What do we do in this scenario? Excuse my questions first time applying Microservices and been using monolith all my life

Comments
  • 1
    You can basically replicate some of the data in the background. Service b might only need a subset of the data of service a. There might be scenarios where service b has an outdated version of that data.

    Another alternative is to look up those ids in the frontend or backend. But services calling other services before returning a result to the client is a recipe for slow response times.
  • 5
    Microservices tend to encapsulate vertical slices of a business concern that in many cases would exist in single domain in a monolith. Sometimes the domain is shared, sometimes it isn't.

    In this particular example, the answer has to be derived from the consumer; at what level are they expected to understand each domain isolate?

    Microservices can in fact form dependencies on each other in any number of ways:
    1. event streams
    2. direct dependency queries
    3. cache intermediaries
    4. Actor sharing
    5. 4-5 less common approaches

    If the consumer is expected to know that both segments exist, they are also expected to know the data freshness concerns between the two services.

    There's actually a missing abstraction here: the cart service. The cart service should represent a normalization of the two dependent services and be responsible for taking 1...N orders and collapsing them into a single finite order for the individual consumer at the time of checkout, ensuring cart validity along the way. This can be done in a number of different ways.
  • 1
    @SortOfTested Thanks for detailed info, all good for that point. But what about what @sawmurai said: "But services calling other services before returning a result to the client is a recipe for slow response times."

    For example assuming user fetched product list and that one item left in stock was available, but by the time user placed order, that item is no longer in stock. Orders service will need to check products service if it there are still items in stock and respond accordingly.

    Doesn't this result in slower response? Or its the usual: If said service is busy, not available or network is overloaded. Else it will not have an impact.

    Also is it the right way to do: Orders call products to check stock status and act accordingly?
  • 4
    @gitpush
    It's not ideal, but it's also a pre-optimization to worry about that during the design phase. Properly scaled services in the same network segment should have marginal latency and also potentially have parallel execution of other distributed tasks. It's low risk/effort to experiment and see since they're discrete tiers to begin with; solutions are always space/time tradeoffs in this condition.

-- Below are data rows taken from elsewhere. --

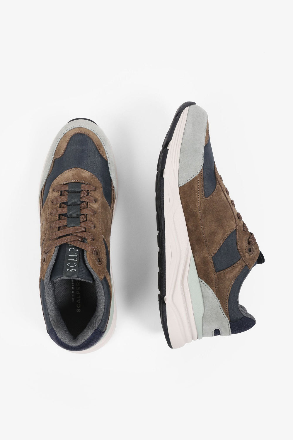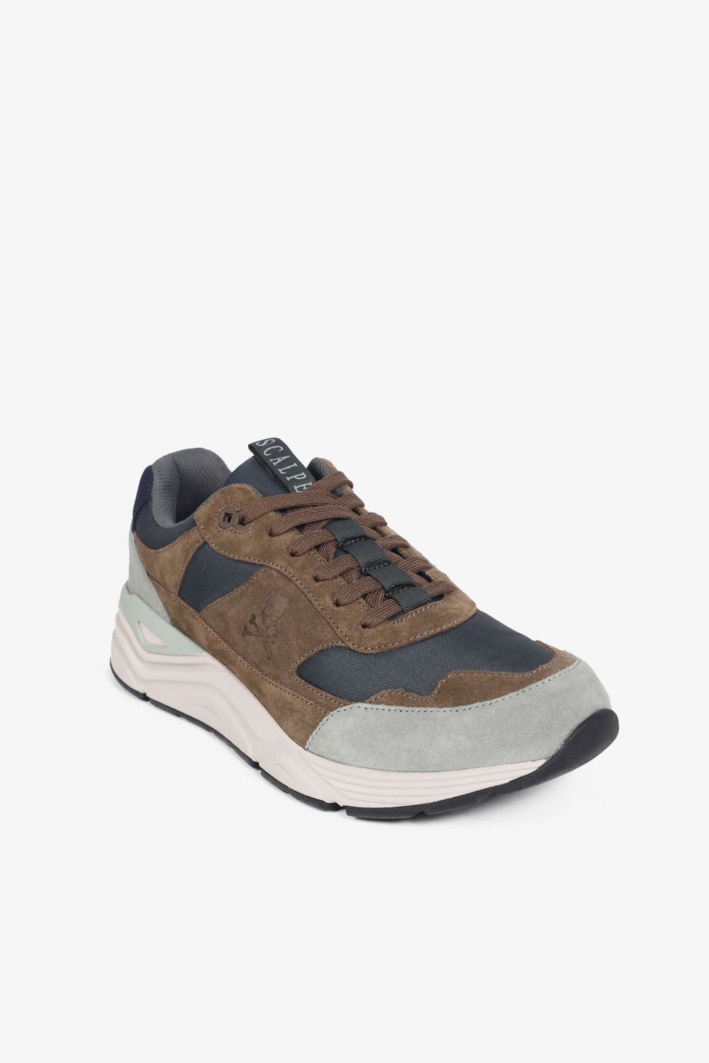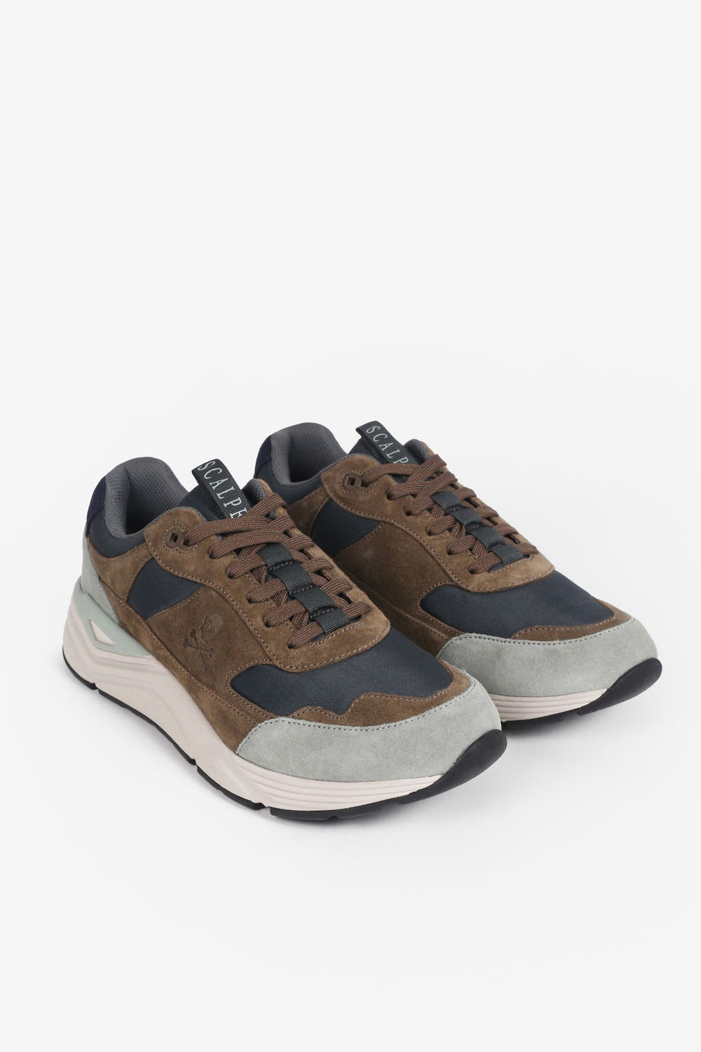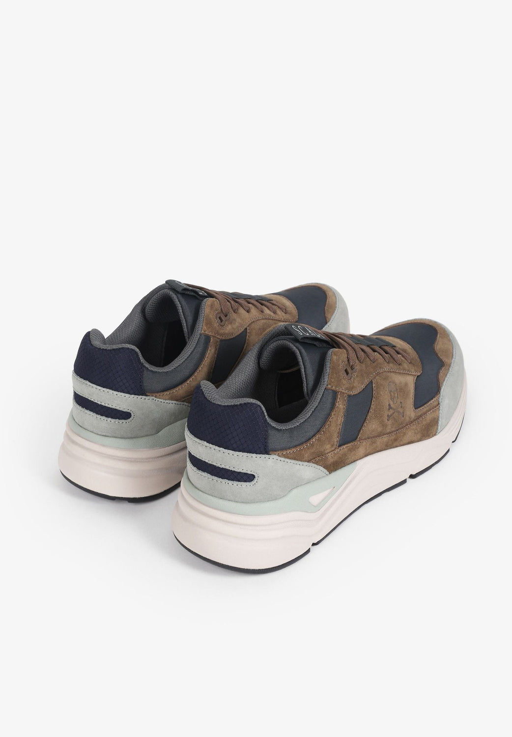 Sneakers confeccionadas en mezcla de ante y nailon. Cierre con cordones a tono y suela con volumen de goma.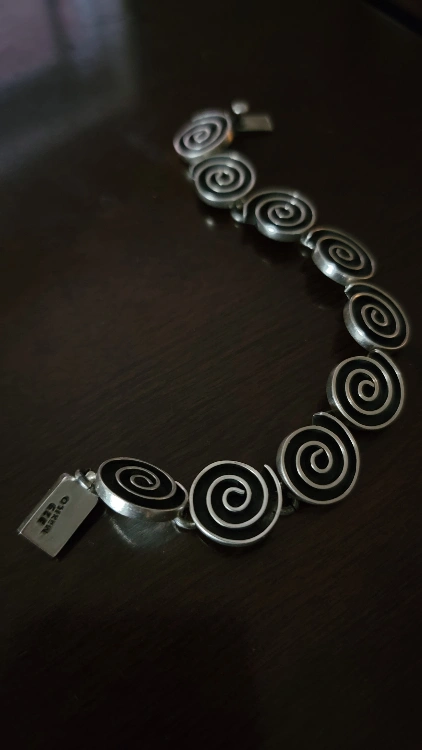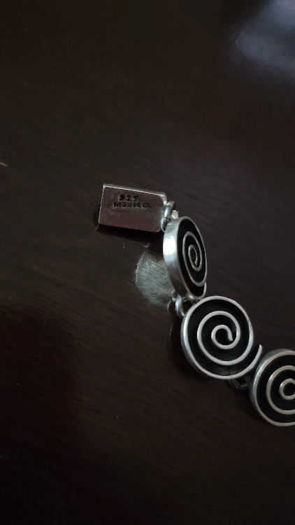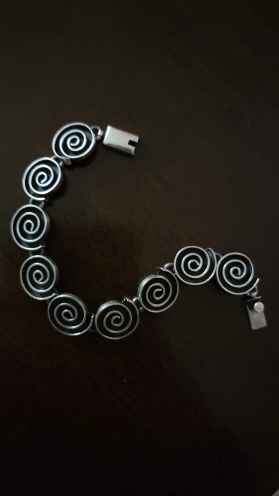 This is a beautiful vintage sterling silver bracelet featuring a unique spiral design. It was made in Mexico. A lovely piece to add to your jewellery collection. It's quite heavy. Fully made from solid silver and has a clasp closure. I'm only asking for $30 on it.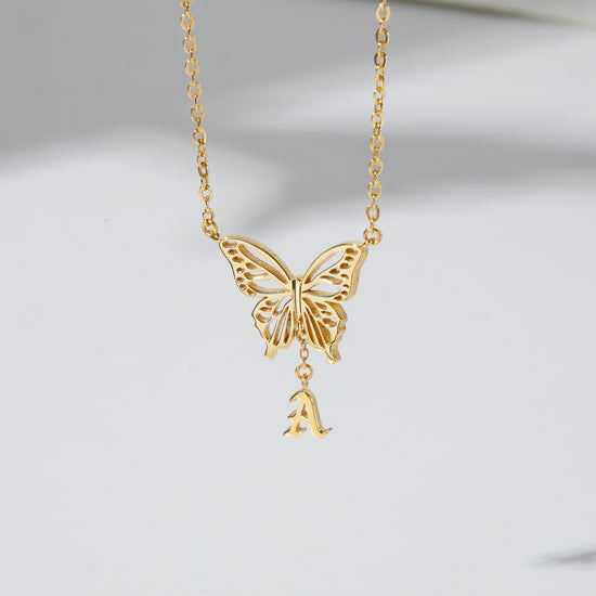 Make her heart skip a beat with our Initial Butterfly Necklace, designed to be as unforgettable as she is. This custom letter necklace features a graceful butterfly charm and her initial, creating a personalized gift for her that she'll treasure forever. Make any occasion unforgettable with this heartwarming piece of initial jewelry, designed to capture your special bond in a beautifully crafted keepsake.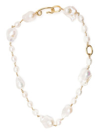 pearl-embellished necklace cream white/gold-tone brass/pearl pearl embellishment gold-tone hardware cable-link chain hook fastening Made in Italy SIZE & FIT Model measurements Height 5 ft 10 in(1.77 m) Bust/Chest 29.92 in(76 cm) Hips 34.25 in(87 cm) Waist 23.62 in(60 cm) Measurement Length when open 22.04 in(56 cm) WIDTH 0.78 in(2 cm)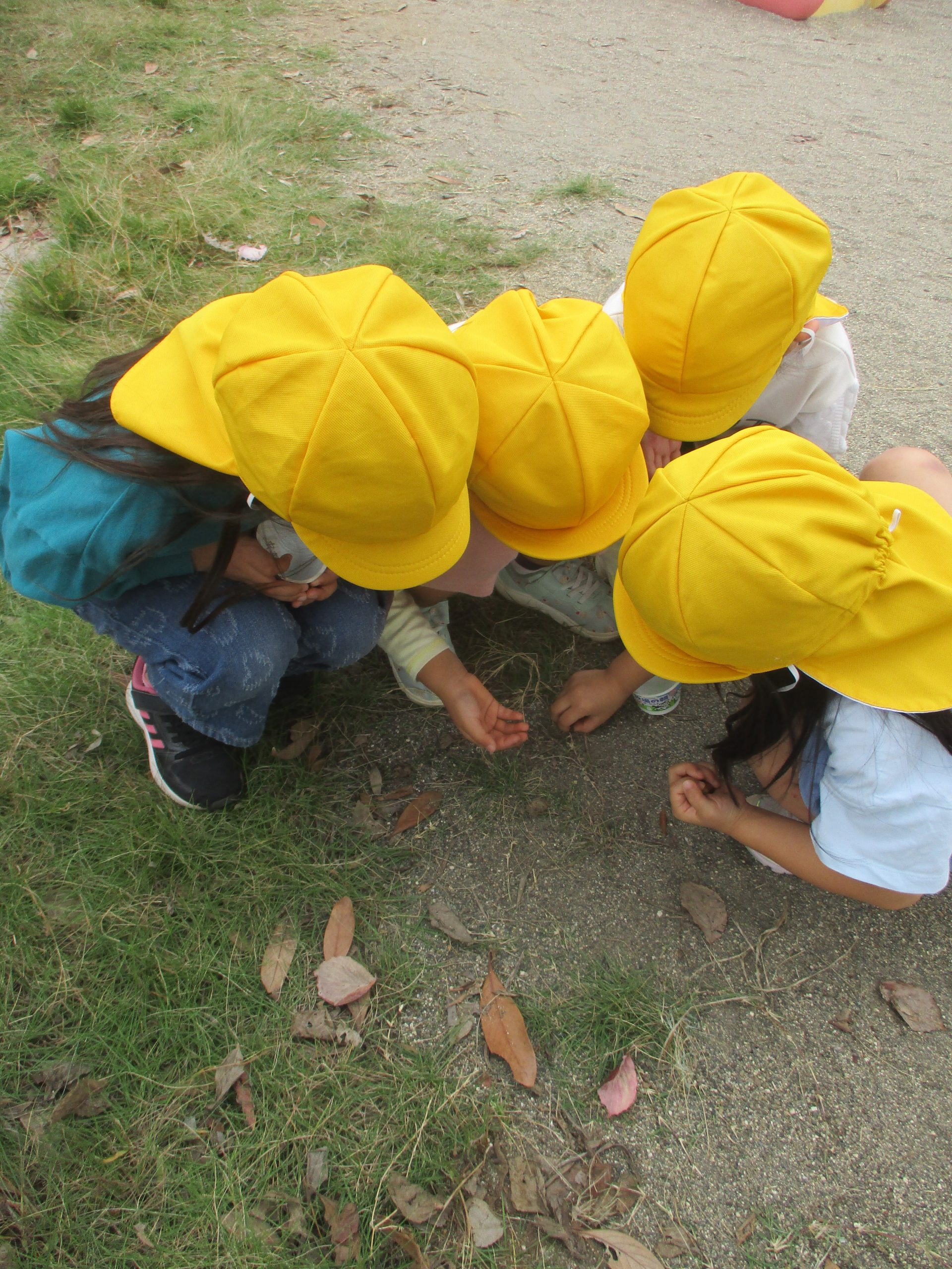 2024.10.22 園庭には…✨ 大宮たんぽぽ保育園 たんぽぽ保育園の園庭には、どんぐりやオリーブ、ハナミズキの実が落ちています! 子どもたちは、園庭に行くと「どんぐり見つけた!」「これ、すごく大きいよ!」と色々な実を見つけて嬉しそうです😊💕 そして、いつも通り実やダンゴムシを探していると…「なんか大きくてウニョ -

    The optimization is event streams. Keeping time stamp indices in a query store that can be called from the ordering service, as an example, can allow the error to be corrected at any point during the shopping process (add item, update quantity, remove item, apply code, view cart, etc). You've likely seen this happen on sites where you'll see messages like "an item has changed in your cart."

    Kafka is your friend in this scenario.
  • 1
    @SortOfTested I understand, thank you so much appreciate your help :D
  • 0
    Is it just me or would it be usually
    1. userid, authinfo, name, ...
    2. itemid, price, quantity, datetime, userid
    3. itemid, price, iteminfo.
    I made the price in table 2 and 3 to be able to change prices without to care about the old purchases.